Sheridan écrivit dans une lettre adressée à un collègue général en 1868 :
« La meilleure façon pour le gouvernement est de rendre [les tribus] pauvres en détruisant leur cheptel, puis de les installer sur les terres qui leur sont attribuées. »
Un autre officier de l’armée, le lieutenant-colonel Dodge, a dit à un chasseur :
« Tuez tous les bisons que vous pouvez ! Chaque bison mort est un Indien tué. »
Les tribus amérindiennes savaient ce qui se passait. Satanta, chef de la tribu des Kiowas, dans les Grandes Plaines, savait que « détruire le bison signifiait détruire l’Indien » – comme le rappelle Billy Dixon, un chasseur de bisons et pionnier du Texas , dans son autobiographie.

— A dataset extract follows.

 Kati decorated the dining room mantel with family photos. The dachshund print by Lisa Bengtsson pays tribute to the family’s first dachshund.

« Le général Phil. Sheridan, qui voulait soumettre et conquérir les tribus des plaines pour toujours, a préconisé et pratiqué exactement ce que Satanta craignait », a ajouté Dixon.
Cette photo montre comment les consommateurs de produits sont le moteur de la machine coloniale – Bethany Hughes
Priver les Amérindiens de leurs bisons signifiait qu’ils étaient obligés de se déplacer vers les nouvelles réserves que l’armée occidentale avait établies pour eux, afin de cultiver de la nourriture pour survivre.

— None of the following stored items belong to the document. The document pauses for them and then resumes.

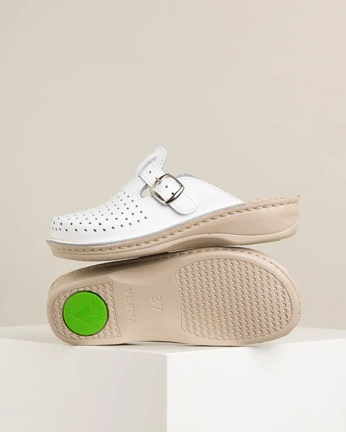 Ženska klompa izrađena od najfinije prirodne kože, sa kožnom tabanicom koja sadrži 8 mm masažnog gela, pruža izuzetnu udobnost i rasterećenje pri svakom koraku. Masažni gel apsorbuje udarce, smanjuje pritisak na pete i idealan je izbor za osobe koje imaju problem petnog trna, kao i za sve koji provode mnogo vremena stojeći ili hodajući.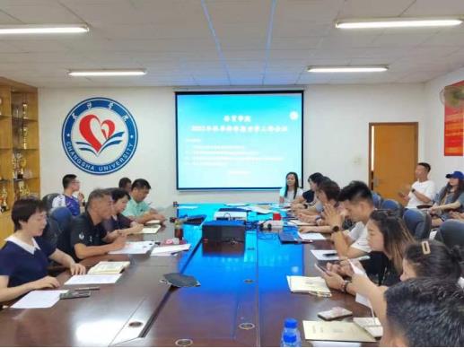 首先,刘战红副院长就新学期教学工作作了重点发言,主要围绕开学前的准备工作(教学五大件、场地、器材、卫生、安全等),体质健康测试工作和课程思政等方面进行。刘院长特别强调了教学能力提升的重要性和课程思政的必要性,要求各课程负责人修订教学大纲中的思政内容,将思政落实,并希望全体教师牢牢把握政治方向,注重学生的全面发展,为培养德智体美劳全面发展的社会主义建设者和接班人而努力!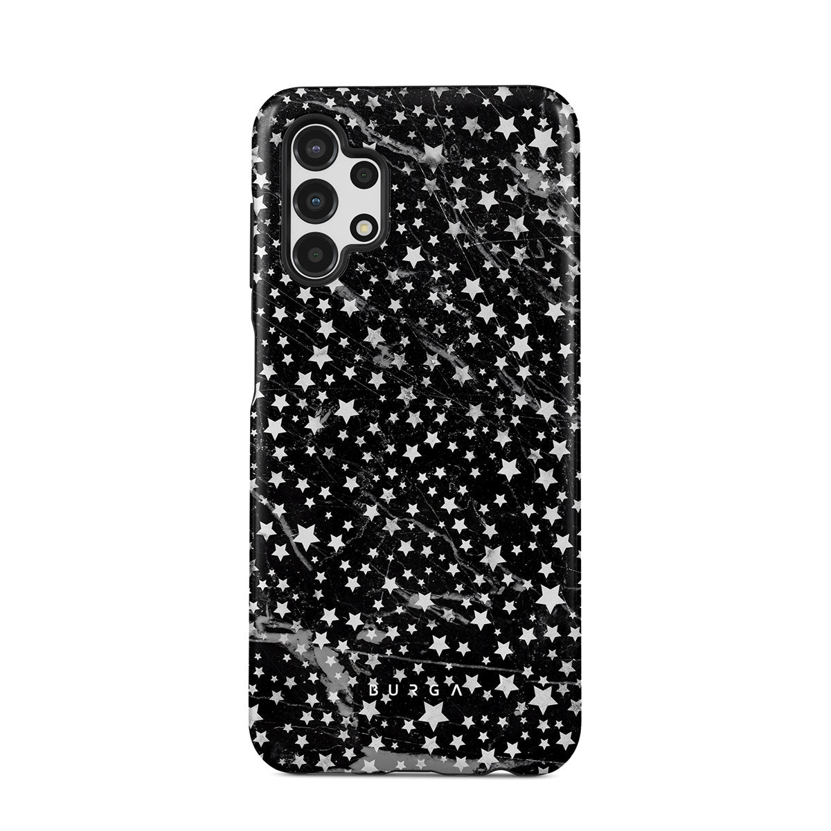 Samsung Galaxy A13 4G phone case is inspired by the sky above us. Here the charming star pattern meets with a trendy black and white marble. Add the unique combination to your wardrobe and transform your protective phone case into a fashion accessory.

La tactique de l’armée a porté ses fruits. Les membres de la tribu Kiowa ont ensuite été refoulés dans une réserve de l’Oklahoma.

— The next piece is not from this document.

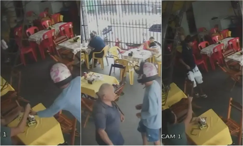Nas imagens, é possível observar o momento em que um homem, vestindo uma camiseta preta, entra no restaurante e aborda um cliente. Pouco depois, um segundo suspeito, utilizando um capacete rosa, entra para auxiliar na execução do crime.

En l’espace d’une génération, la taille moyenne des Amérindiens qui dépendaient fortement du bison et qui étaient donc les plus touchés par le massacre a chuté de plus de 2,5 cm .
Au début du XXe siècle, la mortalité infantile était 16 % plus élevée et le revenu par habitant des nations qui s’occupaient de bisons est resté 25 % inférieur à celui des nations qui ne dépendaient pas autant du bison.
Cependant, le débat sur le massacre des animaux a fait rage depuis des années. Comment les chasseurs ont-ils pu tuer 30 à 60 millions d’animaux ?
C’est la question posée par une étude de 2018 qui a proposé une réponse à cette question : deux maladies qui sévissent à l’époque dans le pays – l’anthrax au Nebraska et la fièvre à tiques du Texas au Montana – auraient été
« suffisamment mortelles pour anéantir des dizaines de millions d’animaux », note l’étude.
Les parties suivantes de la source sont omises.